- Supreme Court of the United States
- Full case name: Kenneth Genalo, Director of the New York Field Office of U.S. Immigration and Customs Enforcement, et al. v. Carol Williams Black, et al.
- Docket no.: 25-886

Holding
- Case dismissed.

= Genalo v. Black =

Genalo v. Black (25-886) was a pending United States Supreme Court case related to the constitutionality of prolonged civil immigration detention.

== Background ==

In the Illegal Immigration Reform and Immigrant Responsibility Act of 1996, Congress mandated the detention without bond of non-citizens convicted of certain crimes during their removal proceedings. The Supreme Court held this law was facially constitutional in Demore v. Kim (2003). Subsequently, various courts heard challenges to prolonged detention by non-citizens, with some circuits holding such detention comports with the Constitution, while others disagreed. Two non-citizens, Carol Black and Keisy G.M., separately filed petitions for writs of habeas corpus challenging their detention.
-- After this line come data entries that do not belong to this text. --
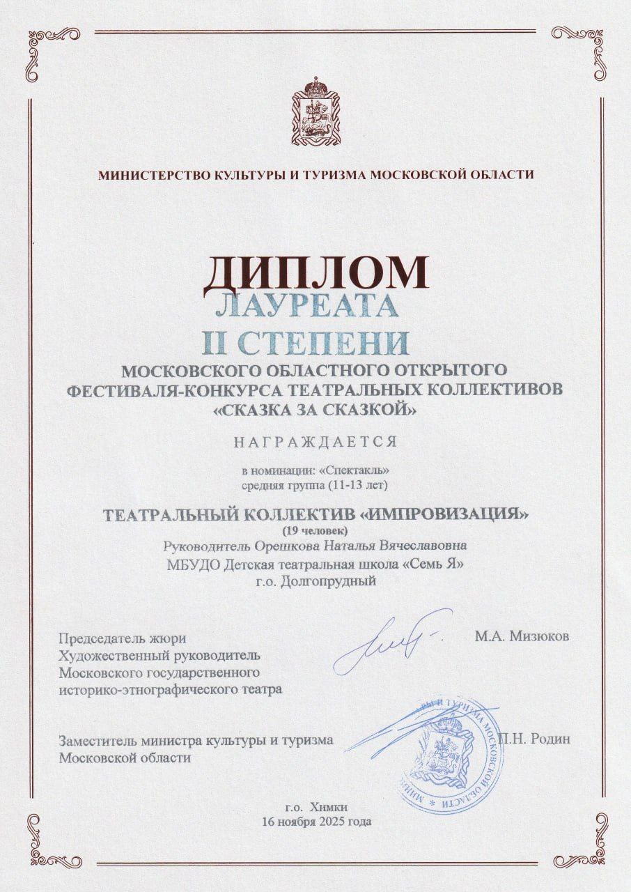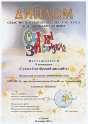 Группа «Импровизация» со спектаклем «Незнайка» завоевала звание Лауреата II степени, а также получила специальную номинацию «Лучший актёрский ансамбль»!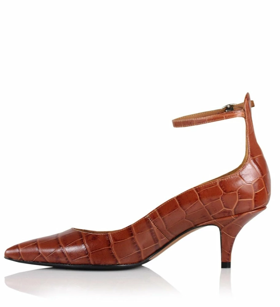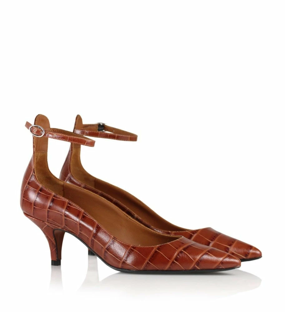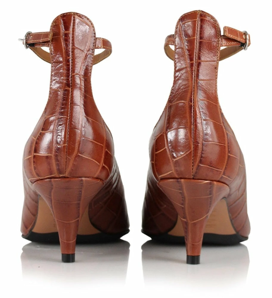 Brown pump crafted in smooth crocodile embossed leather with a pointy toe and a stiletto heel. Furthermore the pump has a feminine ankle strap which is closed with an oval silver buckle.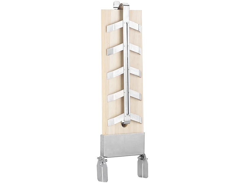 Einfache Handhabung: Fixieren Sie Ihren gewürzten Lachs mit der Edelstahlklammer auf dem Holzbrett und befestigen Sie das Lachsbett mit der Halterung an Ihrem Grill oder Ihrer Feuerschale. Durch die verstellbare Neigung sorgen Sie dafür, dass der perfekte Abstand zum Feuer gewährleistet ist.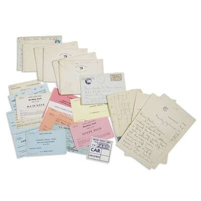 Assorted period stationary including autograph letters signed and assorted rail and ocean liner tickets. All together over 100 pieces.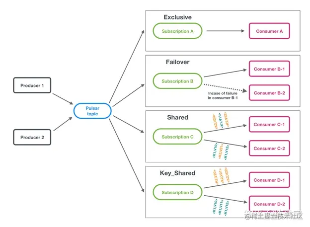 pulsar的主题订阅模式包括四种:独占(exclusive)、共享(shared)、灾备(failover)、key共享(key_shared)。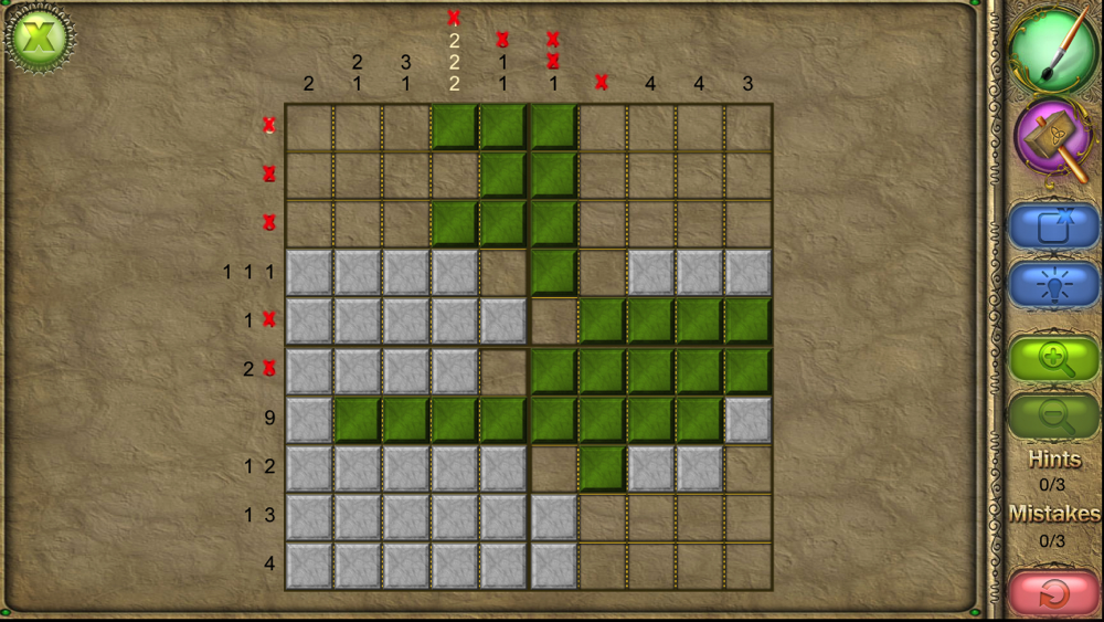 An old Japanese logic puzzle takes on a new look with FlipPix Art! Touch tiles to paint them or break them to form colorful components of paintings. The goal is to use logic to determine which tiles should be filled to reveal a hidden picture.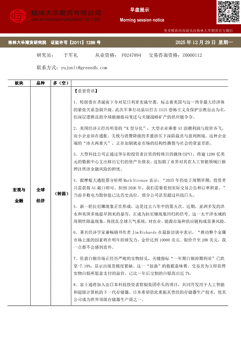格林大华期货-早盘提示:全球经济-251229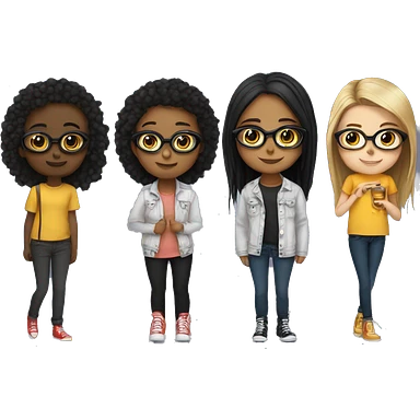 4 girls 2 have glasses 1's height is il small and black rest 3 r perfct and lil black doesn't have glasses emoji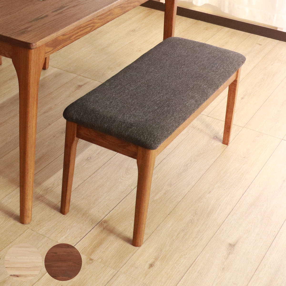 | 材質 | レッドオーク無垢材 クッション:ウレタン、ポリエステル 【塗装】ナチュラル:水性アクリル塗装 ブラウン:天板/天然オイル仕上げ、その他/水性アクリル塗装 |
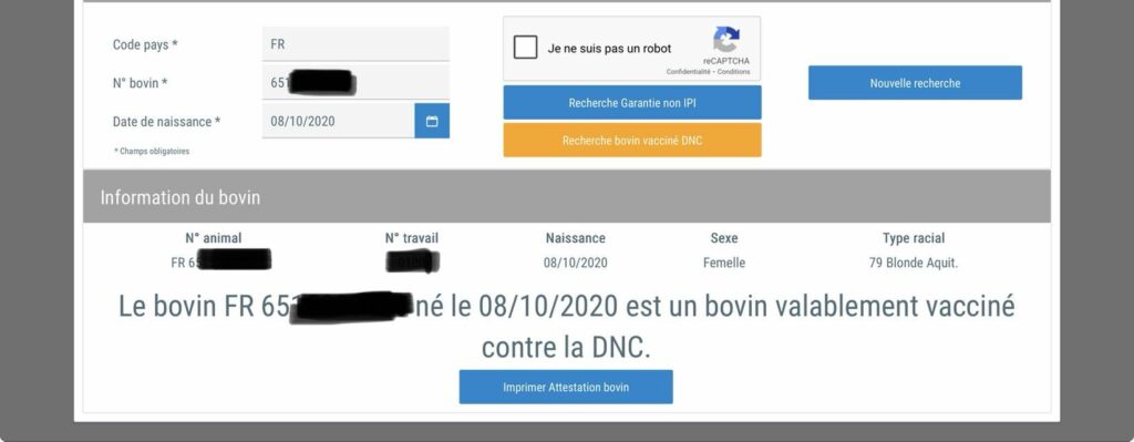 L’attestation devrait être modifiée prochainement ( suppression du taux de vaccination qui est une donnée évolutive). Pour rappel ces attestations ne valent pas LPS mais permettent de s’assurer de l’enregistrement du statut vaccinal de bovins devant être commercialisés.

In the decision below, the United States Court of Appeals for the Second Circuit held due process requires non-citizens to receive bond hearings after prolonged detention, where the government faces the burden of proof that the non-citizen is a flight risk or a public safety threat by clear and convincing evidence. The Second Circuit denied rehearing en banc, over dissents written by Judge William J. Nardini and Steven Menashi.

== Supreme Court ==

The Supreme Court granted certiorari on June 15, 2026, limited to G.M.'s appeal, because during the pendency of the litigation, Black had chosen to withdraw his immigration appeal and leave the United States. On September 11, 2026, the case was dismissed pursuant to the Supreme Court's Rule 46.